Fragments of the object that did reach Earth also have yielded a treasure trove of information that opens a window on the object's origin and on its demise over Chelyabinsk. The parent object was part of a larger asteroid that formed some 115 million years after the solar system was born, according to Popova's team. It likely got kicked out of the inner part of the main asteroid belt between Mars and Jupiter to become a near-Earth asteroid.
Chemical and isotopic studies of fragments from the Chelyabinsk event showed that the impactor broke away from the larger asteroid about 1.2 million years ago, during a close encounter with Earth.

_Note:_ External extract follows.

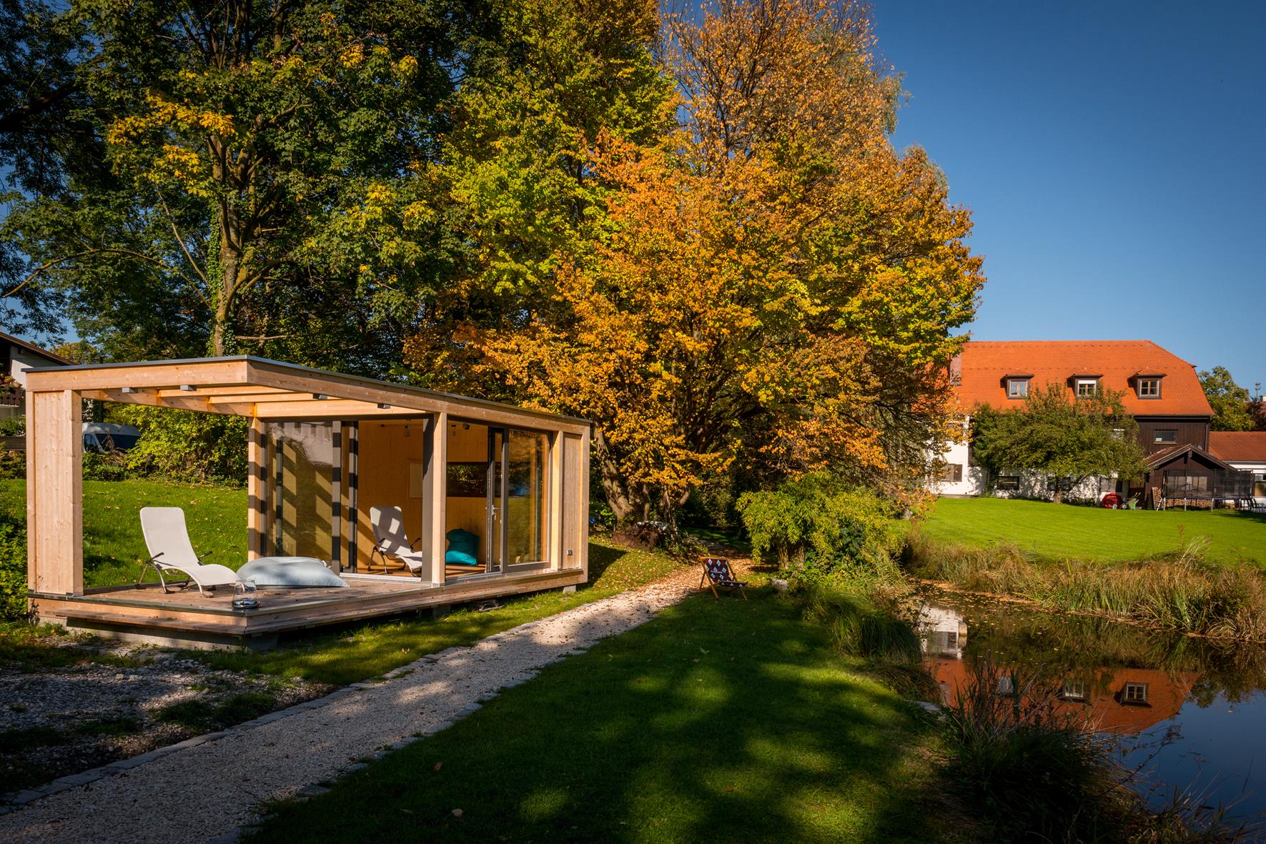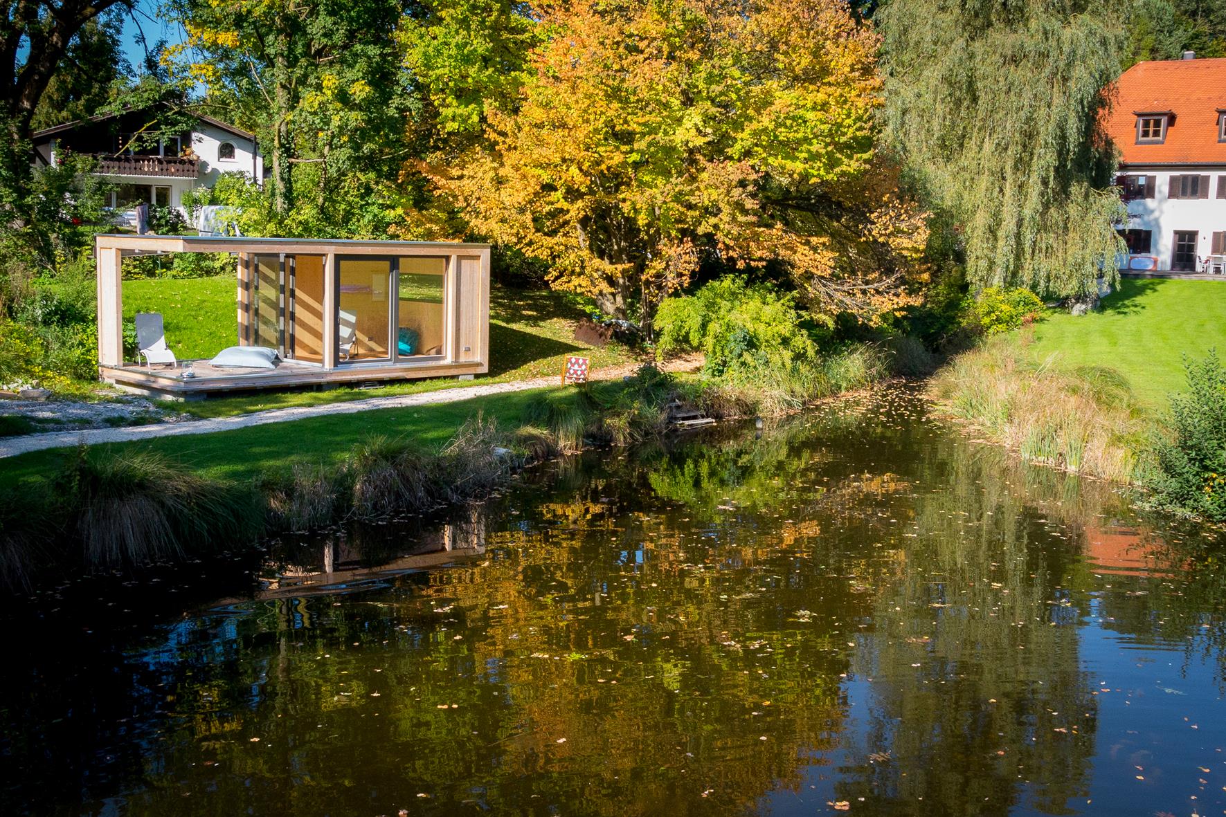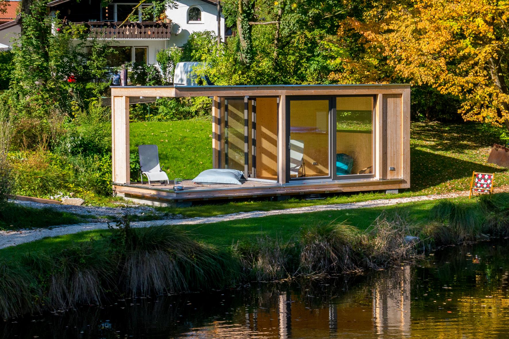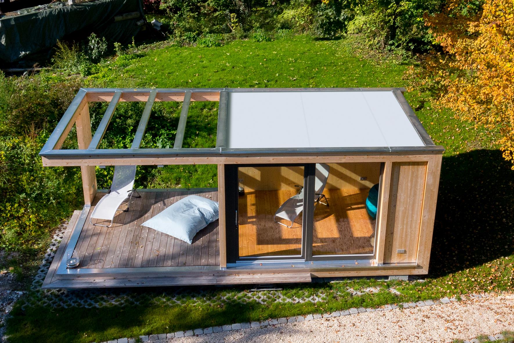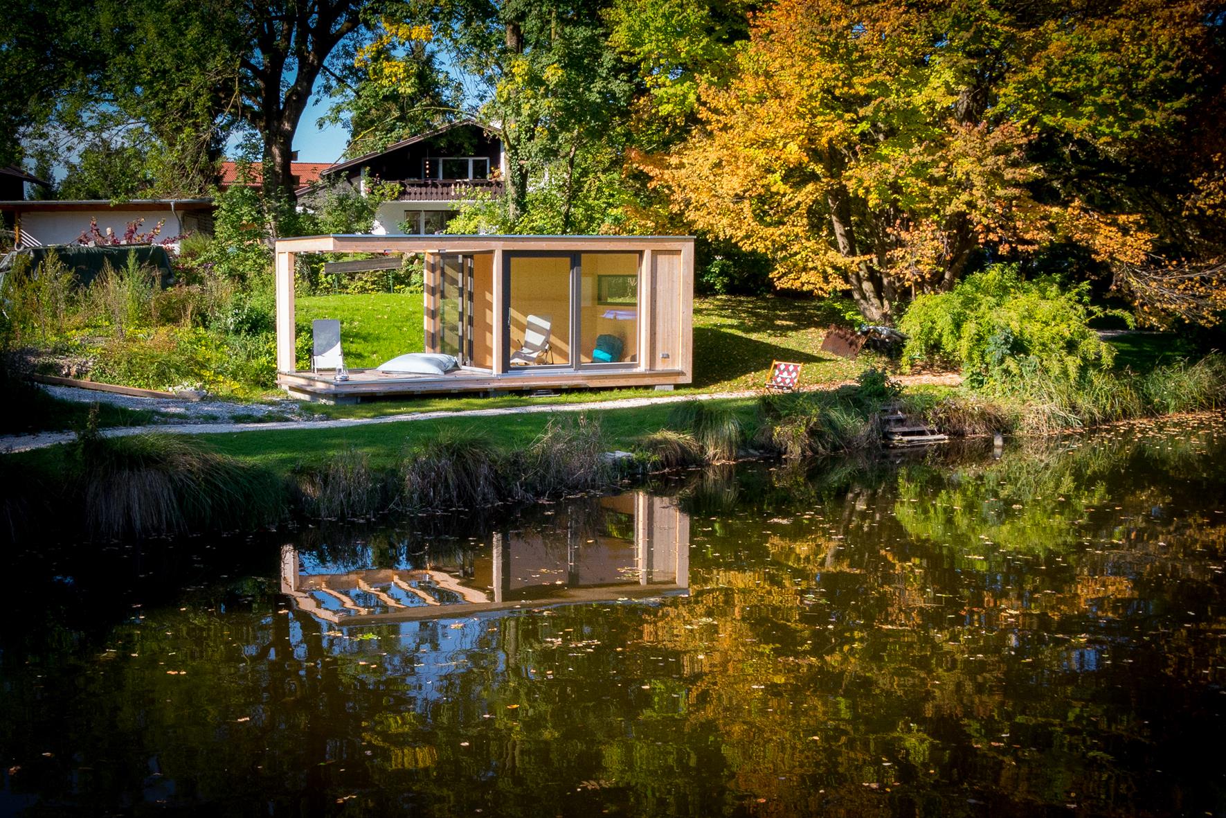 Dieses Gartenhaus wurde im kubischen "2.0-Design" mit den Grundabmessungen 3,5m x 7,5m erstellt. Als Teilbereich wurden davon 3m als offene Pergola ausgeführt - besonders gut kommt in diesem Bereich das freitragende Eckdetail zur geltung, welches ohne Stütze konstruiert werden konnte. In der Stirnseite wurde ein zusätzliches Lichband erstellt. Der Innenbereich ershließt sich zur Pergola hin über eine doppelte Schiebtüre. So ist jederzeit der Blick auf den idyllischen See frei - Urlaubsatmosphäre zu Hause!

The break-up left the Chelyabinsk impactor in one piece. But it was laced with fissures fused by iron that melted from the heat of the impact and filled the cracks.
That was enough to hold the object together in space, but not enough to prevent the asteroid from shattering under the heat and pressure of its encounter with Earth's atmosphere, the researchers say.
When a third team, which included Brown, reconstructed the impactor's orbit, they found that its path was similar to that of asteroid 1999 (NC43), which is roughly 1.4 miles wide. The orbits are so similar that the team suggests they both came from the same parent object. The asteroid is on JPL's list of potentially hazardous asteroids. Next March it is due to swing within 3 million miles of Earth, but if you wait until 2104 it will pass within 316,000 miles of Earth, just 77,000 miles further out than the Moon.
Understanding the nature of the impactor and a having a virtual ring-side seat – thanks to dashboard video cameras in Russian cars posted to YouTube – at its break-up highlights the value of knowing how an asteroid is built in estimating what is likely to happen if it encounters Earth, researchers say.
Two of the research papers released Wednesday are set for publication on Thursday in the journal Nature. The third is set to appear Friday in the journal Science.